● Exercise aim
The expected output is each line from the one containing "公私共にお世話になっておりま" to the last line of the data below, set down exactly, minus the pictures.

● Data
=======
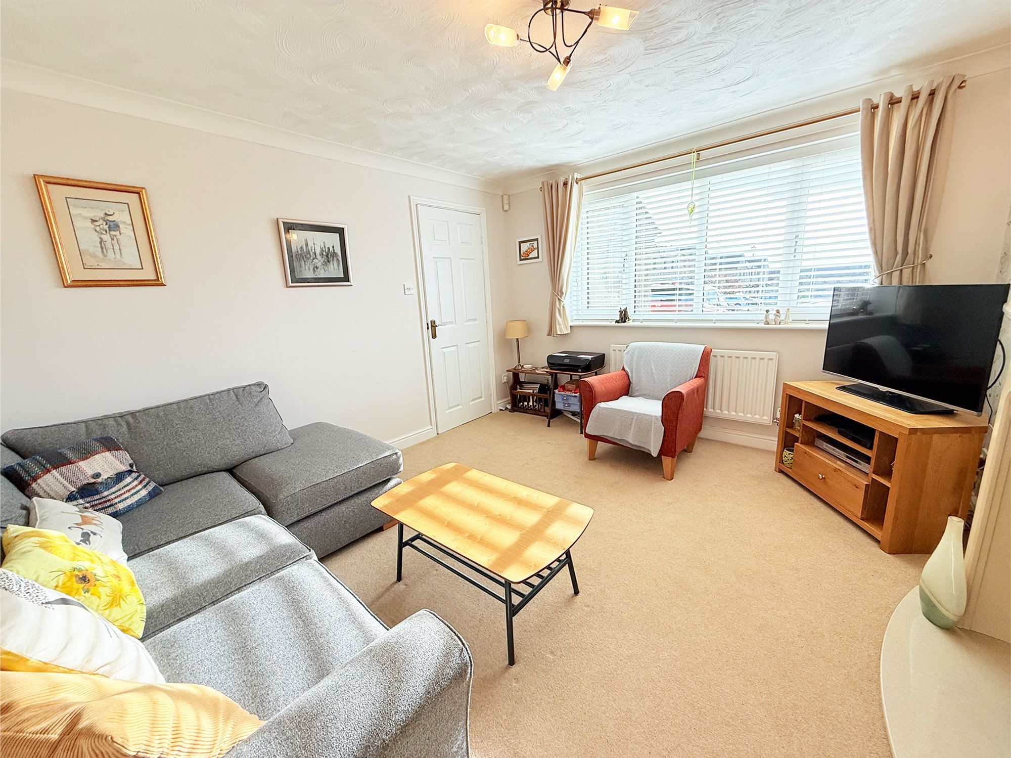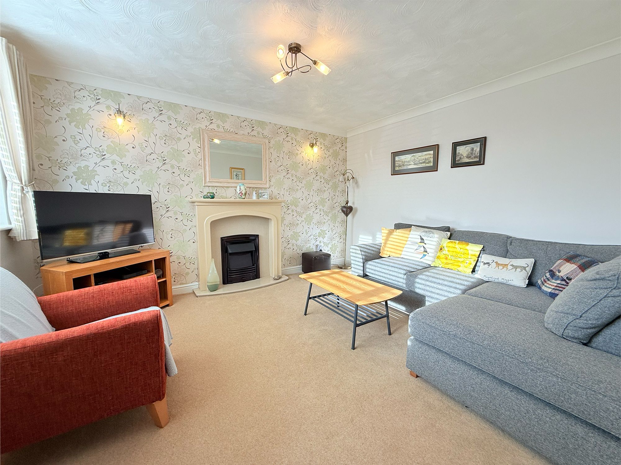 Located to the front of the property, this well-proportioned lounge features a large window that allows natural light to flood the space, creating a bright and welcoming atmosphere. Decorated in neutral tones with a stylish wallpapered feature wall, the room is centred around a neutral fireplace surround housing an electric coal-effect fire. Offering ample space for a variety of family seating arrangements, this room provides both comfort and versatility, perfect for relaxation or entertaining.
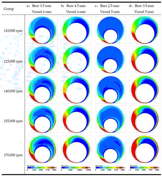 Pressure fields of different groups with different speeds. (a) burr 3.5 mm, vessel 6 mm; (b) burr 4.5 mm, vessel 6 mm; (c) burr 2.5 mm, vessel 5 mm; (d) burr 3.5 mm, vessel 5 mm.
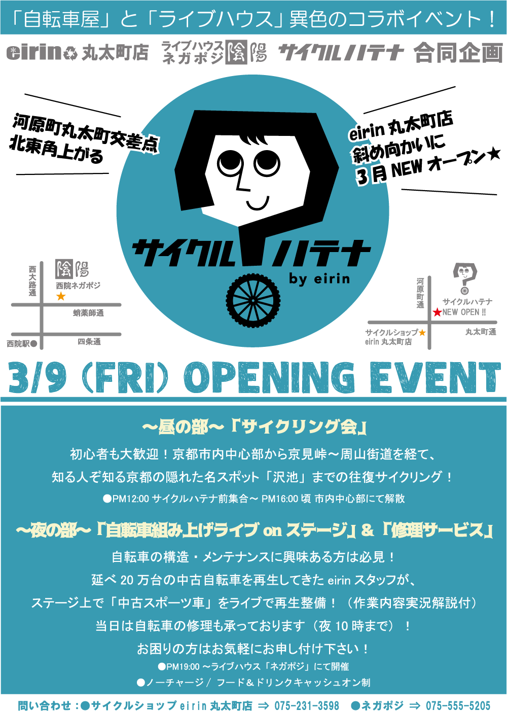 公私共にお世話になっております西院のライブハウス「ネガポジ」さんと、当店「eirin丸太町店」で、「サイクルハテナ」の新規オープンに伴う形で合同企画したイベントとなります。
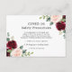 Carte d'information sur la Sécurité COVID-19 pour un Mariage Floral Rouge & Blush
=======
● Result
 公私共にお世話になっております西院のライブハウス「ネガポジ」さんと、当店「eirin丸太町店」で、「サイクルハテナ」の新規オープンに伴う形で合同企画したイベントとなります。
 Carte d'information sur la Sécurité COVID-19 pour un Mariage Floral Rouge & Blush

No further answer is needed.